Дорота.Как ты познакомился с ней? Когда был дома?
Януш.Да, мы познакомились благодаря моему кузену, который учился в торуньской школе. Форма и профессия моряка-рыболова придавали мне известную привлекательность.
Дорота.Ну конечно же, это ведь так романтично.
Януш.Да. Она была брюнеткой с короткими волосами, но выглядела по-девичьи мило. Когда она смеялась, мне казалось, будто колокольчик звонит. Она была нежной и улыбчивой. Ее звали Мария, и я влюбился в нее. Она тоже что-то чувствовала ко мне, и мы дали слово, что будем «ходить» друг с другом. Так это тогда называлось, когда девушка с парнем начинали встречаться.
Дорота.Что — встречаться на расстоянии?
Януш.Вот именно, в этом-то вся проблема. Влюбленные склонны верить, что будут ждать друг друга. Мне казалось, что если я могу любить на расстоянии свою мать, то смогу любить и другую женщину.
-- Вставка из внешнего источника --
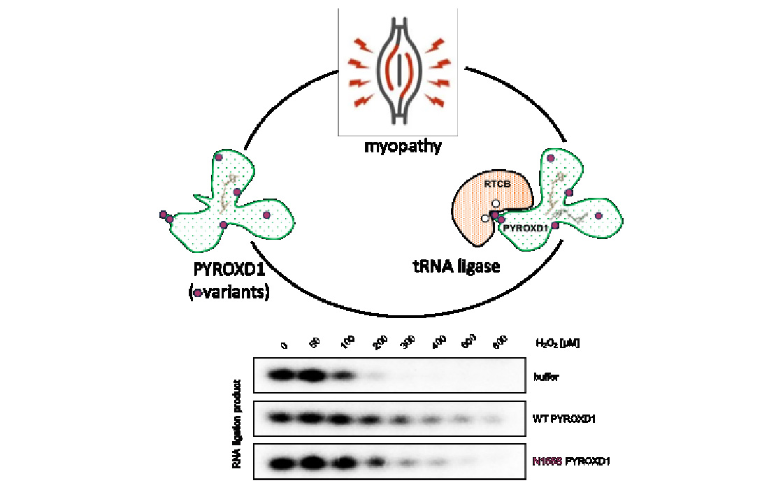 Besides the core proteins critical for the assembly of the tRNA-ligase complex, an “expanded” set of subunits sustain its functionality. The latest such identified protein is PYROXD1, a “private” guardian shielding RTCB and its sensitive metal ions from oxidative damage, thus preserving pre-tRNA splicing and UPR in (aerobic) animals. New findings give an unexpected twist to PYROXD1 story: its variants cause a rare myopathy in humans. Do pathogenic variants fail to sustain the tRNA-LC, and thus turn unconventional RNA splicing a new process of interest in muscle diseases? Which aspects of (multi-layered) PYROXD1 biochemistry are affected in these variants? Finally, can their understanding pave the way to therapeutic approaches?

И не видел в этом никакой проблемы.
Дорота.А она тоже так думала?
Януш.Так мне казалось тогда, после наивных обещаний, которые мы давали, убеждая друг друга, что до сочельника осталось всего лишь три месяца. Такие интервалы назначались между встречами. У нас не было денег на частые приезды, и мы могли встречаться лишь по праздникам. Однако я изо всех сил стремился, чтобы наши встречи были чаще. Дорога домой по маршруту Варшава—Колобжег в вагоне, полном пьяных солдат, занимала десять часов. Но я проделал ее не раз, чтобы провести с Марией хотя бы несколько часов, а уже к понедельнику вернуться на занятия в училище. К сожалению, оказалось, что к этой любви на расстоянии я отнесся более серьезно, чем она. Для меня это был удобный союз: я очень много занимался, а наши отношения отнимали у меня совсем немного времени, мне даже не надо было ходить на свидания (смеется).И по сей день мои связи с женщинами на расстоянии намного.крепче. Это, наверное, очень эгоистично, но для меня это важно, что они не крадут у меня времени, которое я предназначаю для реализации собственных планов. А тогда у меня была девушка, которую я любил, по крайней мере, мне казалось, что я был влюблен. Я знал, что где-то кто-то ждет меня, но в то же время у меня оставалось время и для достижения наилучших результатов в учебе, и для того, чтобы делать все, что мне захочется. Уже тогда я увлекался физикой. Но Мария не была готова к отношениям на расстоянии и, бросив меня, познакомилась с другим парнем. Я переживал это расставание очень болезненно. Время влюбленности было необыкновенным, до сих пор я помню, как однажды губами коснулся ее груди через толстый синий свитер, пахнущий стиральным порошком «Ы». Этот поцелуй был очень робким. Но таким чудесным.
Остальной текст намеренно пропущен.